[EXTRACTED MATERIAL]
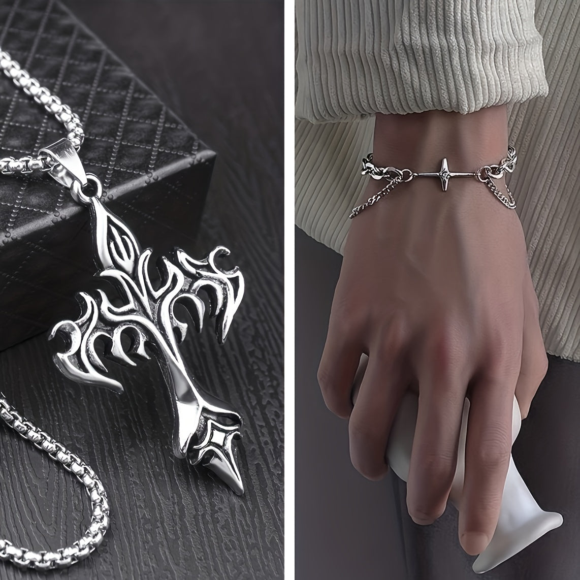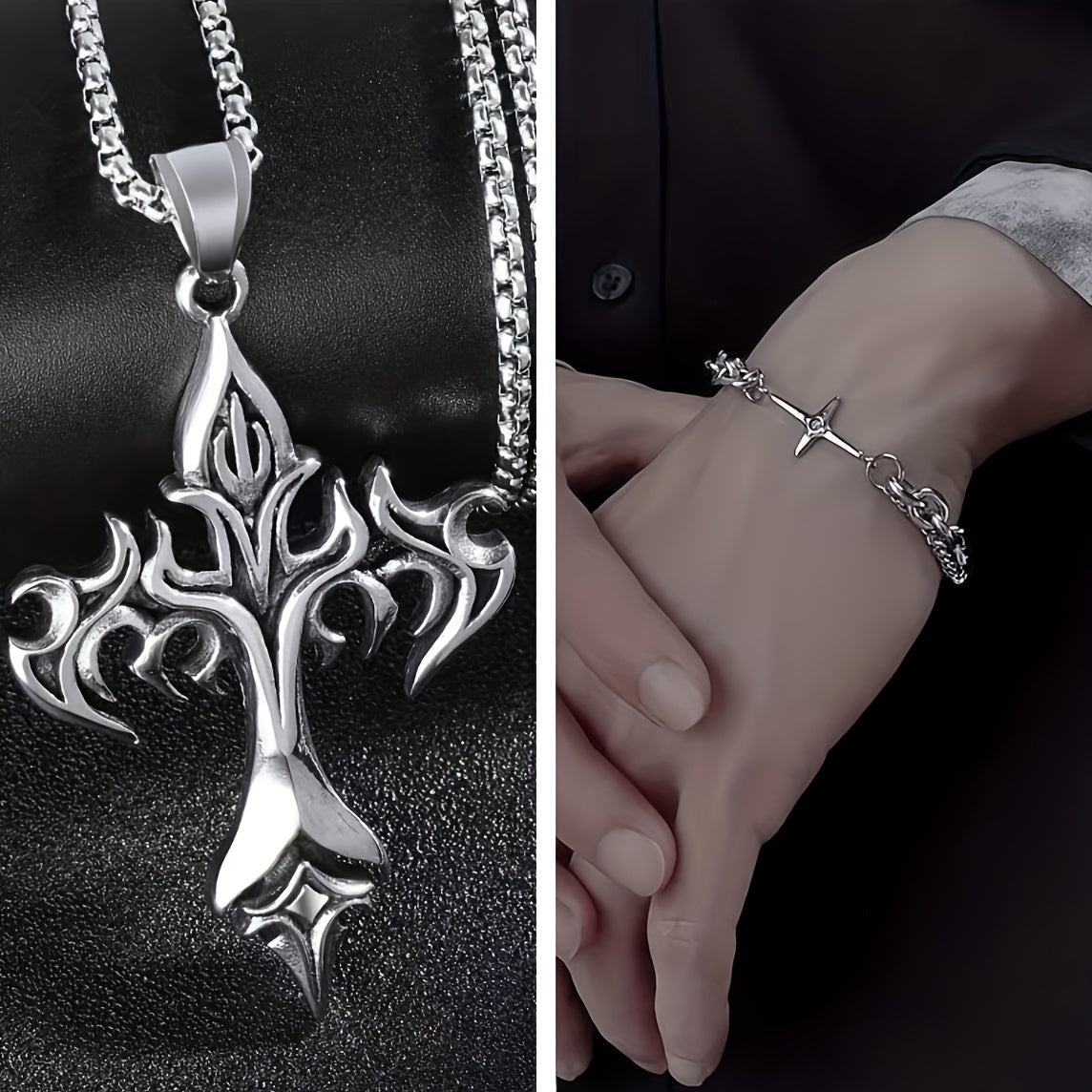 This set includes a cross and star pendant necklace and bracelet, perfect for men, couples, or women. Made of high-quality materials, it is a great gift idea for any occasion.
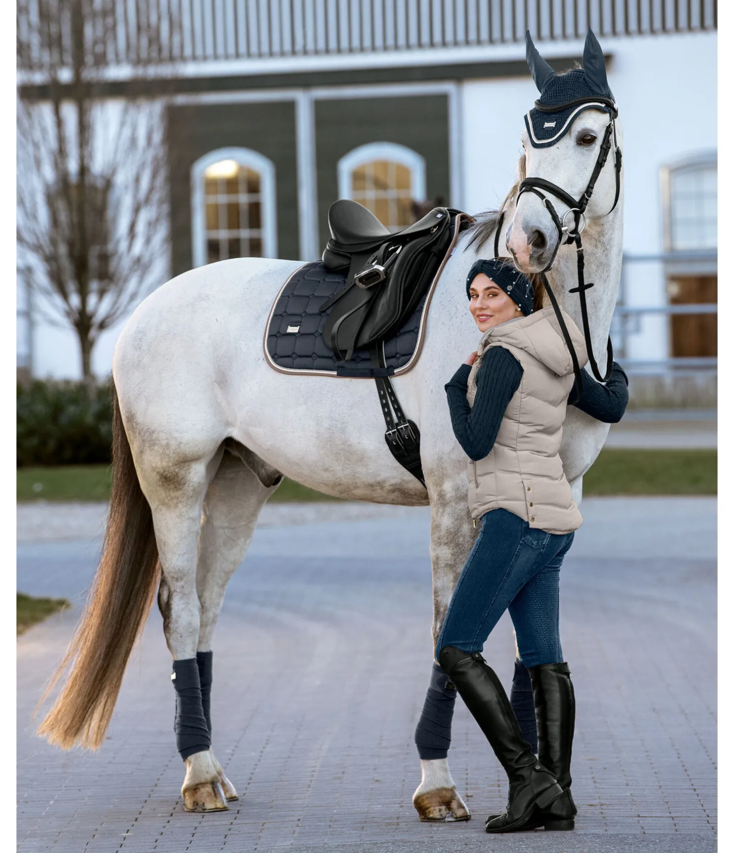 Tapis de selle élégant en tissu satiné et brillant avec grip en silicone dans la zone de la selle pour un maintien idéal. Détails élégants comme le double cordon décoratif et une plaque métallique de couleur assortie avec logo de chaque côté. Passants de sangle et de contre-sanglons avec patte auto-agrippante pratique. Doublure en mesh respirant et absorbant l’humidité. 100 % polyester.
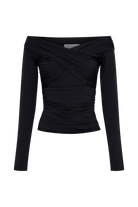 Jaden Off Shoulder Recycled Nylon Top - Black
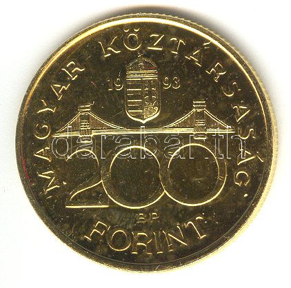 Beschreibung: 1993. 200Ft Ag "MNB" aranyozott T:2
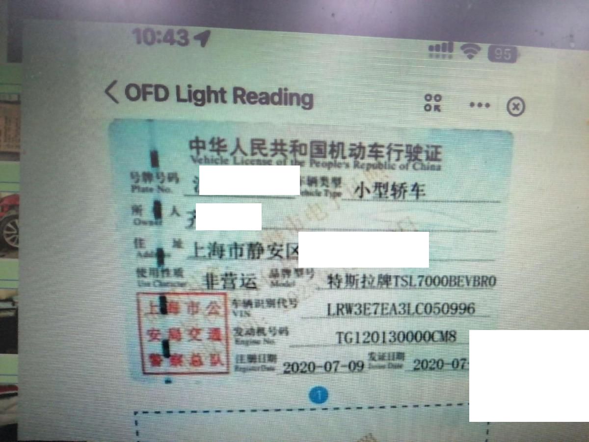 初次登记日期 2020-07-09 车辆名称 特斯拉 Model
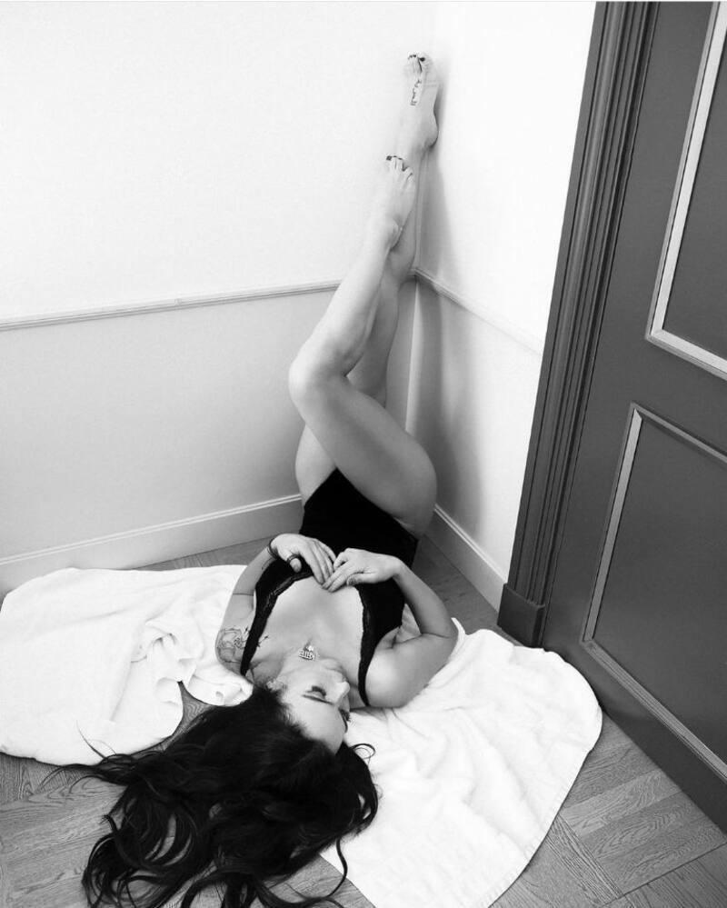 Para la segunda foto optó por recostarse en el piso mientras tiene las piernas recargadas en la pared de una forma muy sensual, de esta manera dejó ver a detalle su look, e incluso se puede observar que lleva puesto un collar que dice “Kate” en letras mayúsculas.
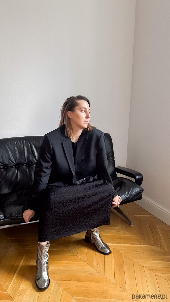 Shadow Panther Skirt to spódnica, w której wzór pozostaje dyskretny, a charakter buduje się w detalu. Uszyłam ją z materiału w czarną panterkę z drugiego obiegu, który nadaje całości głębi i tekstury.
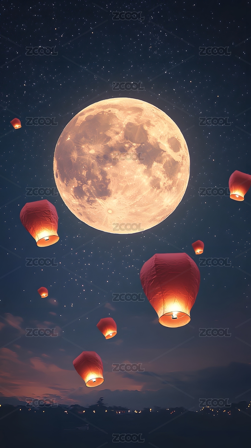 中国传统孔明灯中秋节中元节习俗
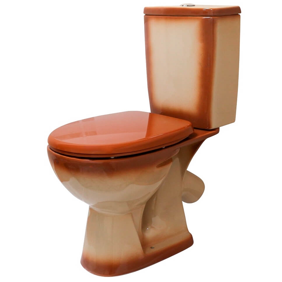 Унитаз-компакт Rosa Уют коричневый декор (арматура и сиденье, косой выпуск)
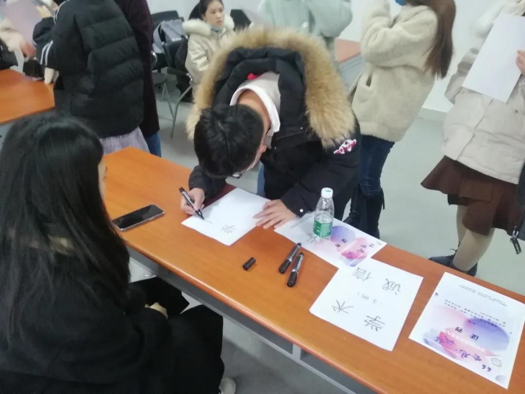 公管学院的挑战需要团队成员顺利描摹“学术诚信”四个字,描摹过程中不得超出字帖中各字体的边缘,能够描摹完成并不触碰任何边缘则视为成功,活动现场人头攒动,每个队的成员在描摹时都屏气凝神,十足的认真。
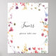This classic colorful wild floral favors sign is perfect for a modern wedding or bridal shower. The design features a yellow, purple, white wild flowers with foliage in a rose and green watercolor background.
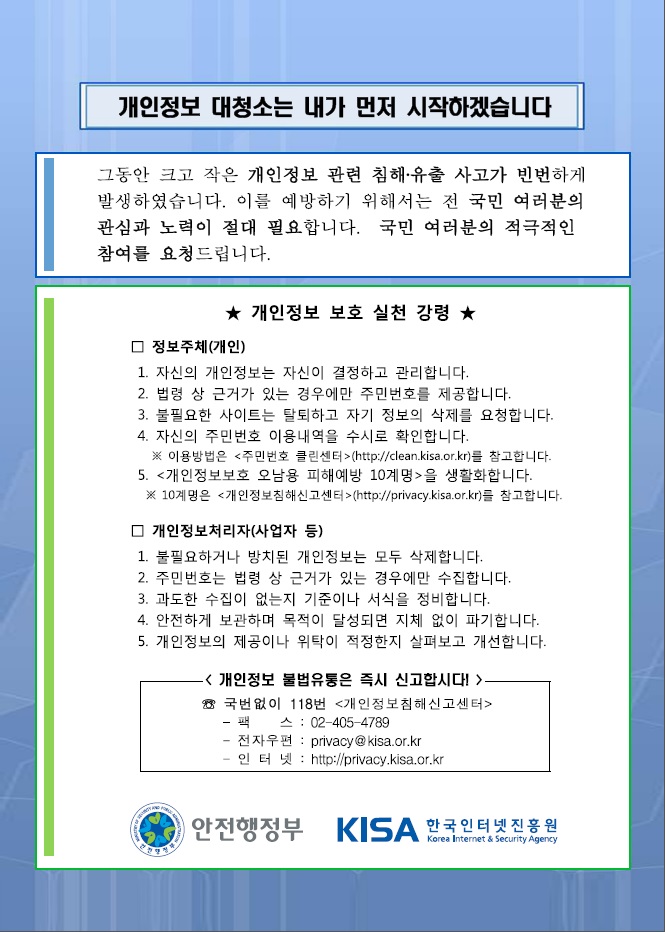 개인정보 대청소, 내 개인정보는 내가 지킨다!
==
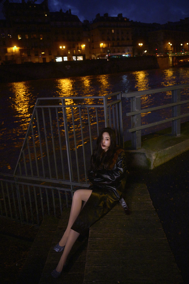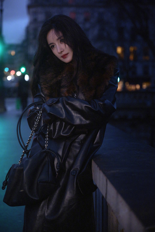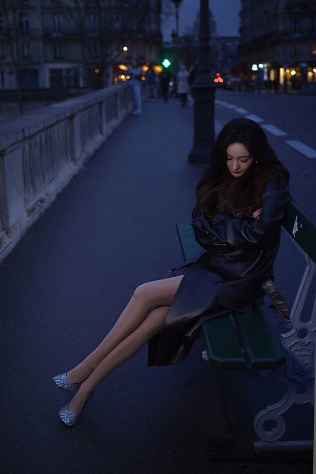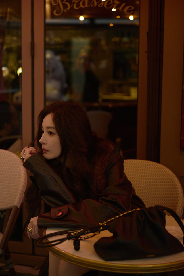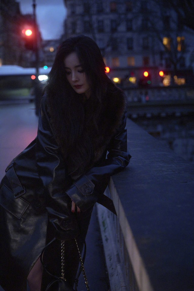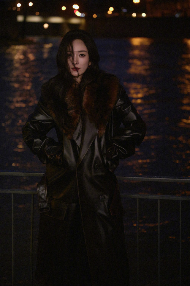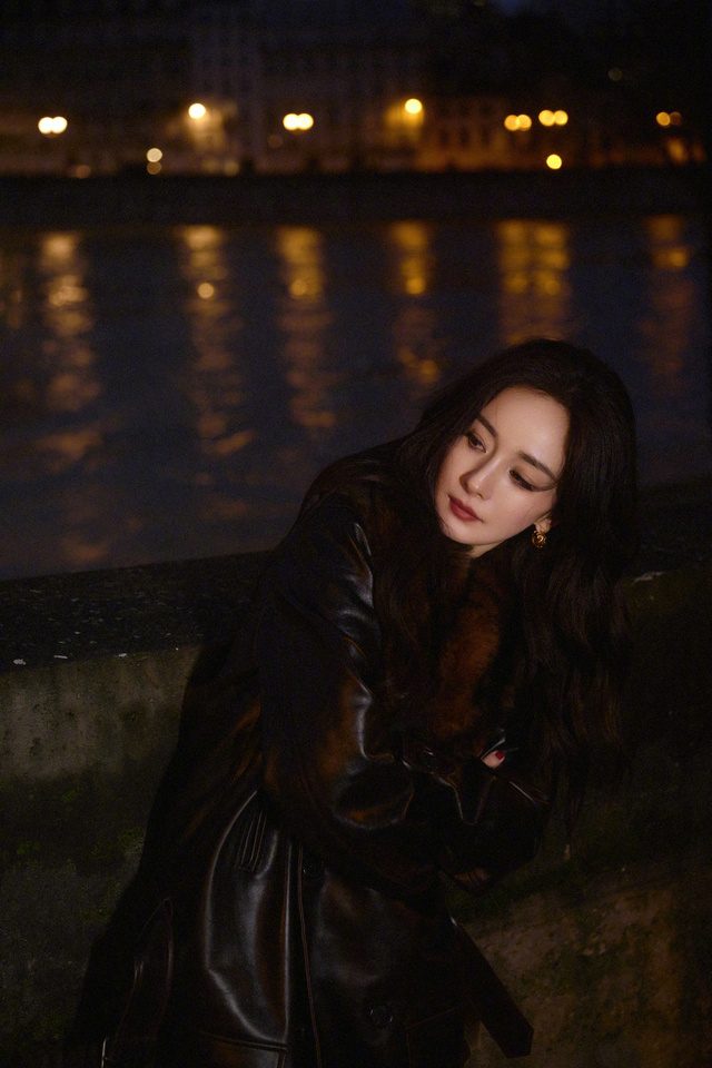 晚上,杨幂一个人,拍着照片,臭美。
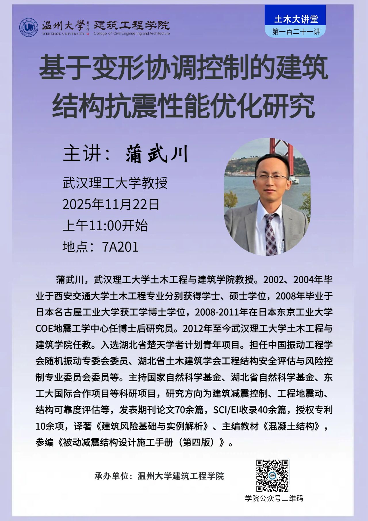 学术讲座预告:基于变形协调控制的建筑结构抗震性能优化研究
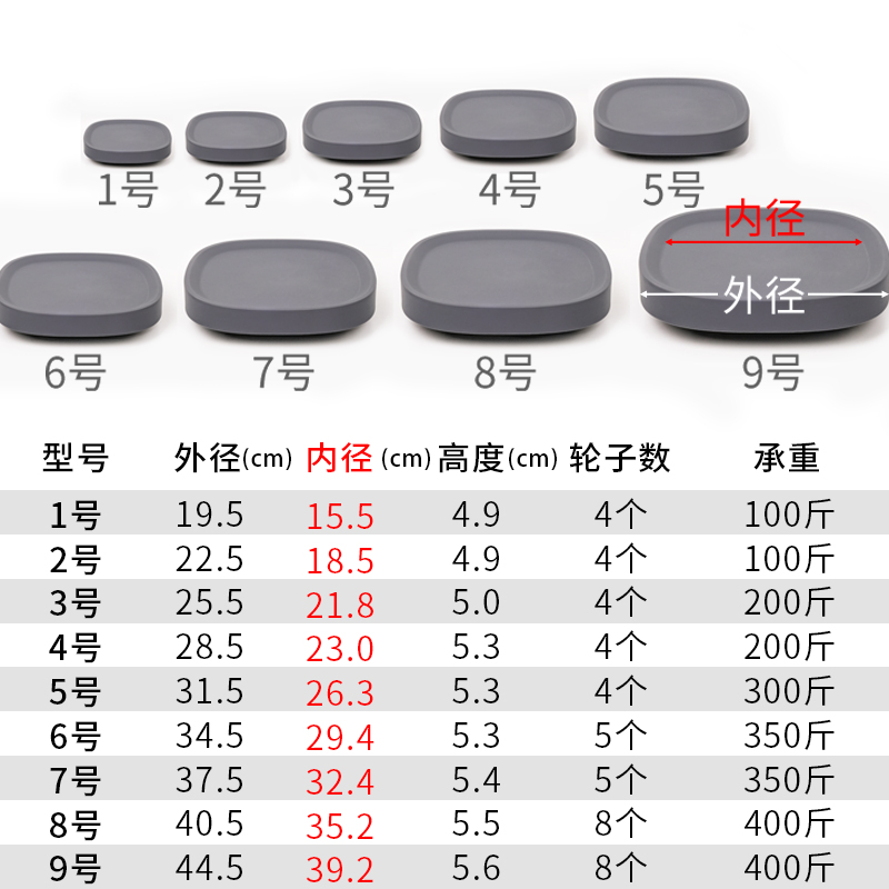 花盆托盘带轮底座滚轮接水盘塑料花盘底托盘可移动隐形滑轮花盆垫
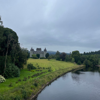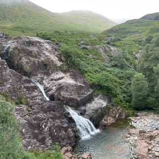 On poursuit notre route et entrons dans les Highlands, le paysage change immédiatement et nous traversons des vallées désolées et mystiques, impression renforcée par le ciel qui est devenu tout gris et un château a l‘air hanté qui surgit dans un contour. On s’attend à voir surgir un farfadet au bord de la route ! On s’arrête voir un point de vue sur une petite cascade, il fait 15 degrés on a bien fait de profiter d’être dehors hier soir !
* * *
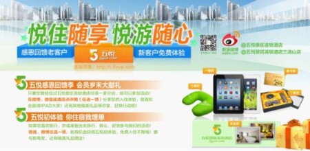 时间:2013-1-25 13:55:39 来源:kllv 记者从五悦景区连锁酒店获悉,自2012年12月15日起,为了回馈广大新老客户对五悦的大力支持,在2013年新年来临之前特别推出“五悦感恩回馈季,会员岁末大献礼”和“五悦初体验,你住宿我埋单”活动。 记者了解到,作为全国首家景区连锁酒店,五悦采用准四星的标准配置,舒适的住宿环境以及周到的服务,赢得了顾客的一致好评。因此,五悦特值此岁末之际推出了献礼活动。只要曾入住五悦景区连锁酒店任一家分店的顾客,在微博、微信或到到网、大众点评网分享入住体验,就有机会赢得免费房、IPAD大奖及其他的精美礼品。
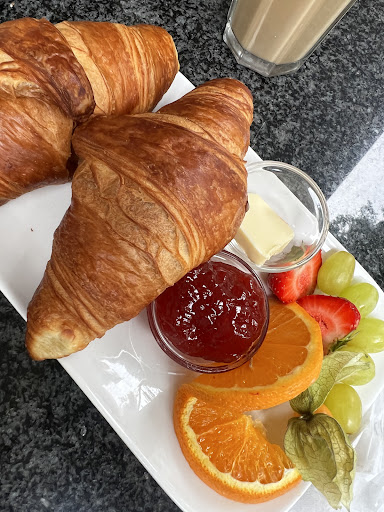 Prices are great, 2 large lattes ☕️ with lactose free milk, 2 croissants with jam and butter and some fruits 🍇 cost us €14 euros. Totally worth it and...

[EXERCISE] Print from the line containing "时间:2013-1-25 13:55:39 来源:kllv" through the line containing "Prices are great, 2" in the data above, exactly as the lines stand, and omit every picture.

[OUTPUT OF THE TASK]
 时间:2013-1-25 13:55:39 来源:kllv 记者从五悦景区连锁酒店获悉,自2012年12月15日起,为了回馈广大新老客户对五悦的大力支持,在2013年新年来临之前特别推出“五悦感恩回馈季,会员岁末大献礼”和“五悦初体验,你住宿我埋单”活动。 记者了解到,作为全国首家景区连锁酒店,五悦采用准四星的标准配置,舒适的住宿环境以及周到的服务,赢得了顾客的一致好评。因此,五悦特值此岁末之际推出了献礼活动。只要曾入住五悦景区连锁酒店任一家分店的顾客,在微博、微信或到到网、大众点评网分享入住体验,就有机会赢得免费房、IPAD大奖及其他的精美礼品。
 Prices are great, 2 large lattes ☕️ with lactose free milk, 2 croissants with jam and butter and some fruits 🍇 cost us €14 euros. Totally worth it and...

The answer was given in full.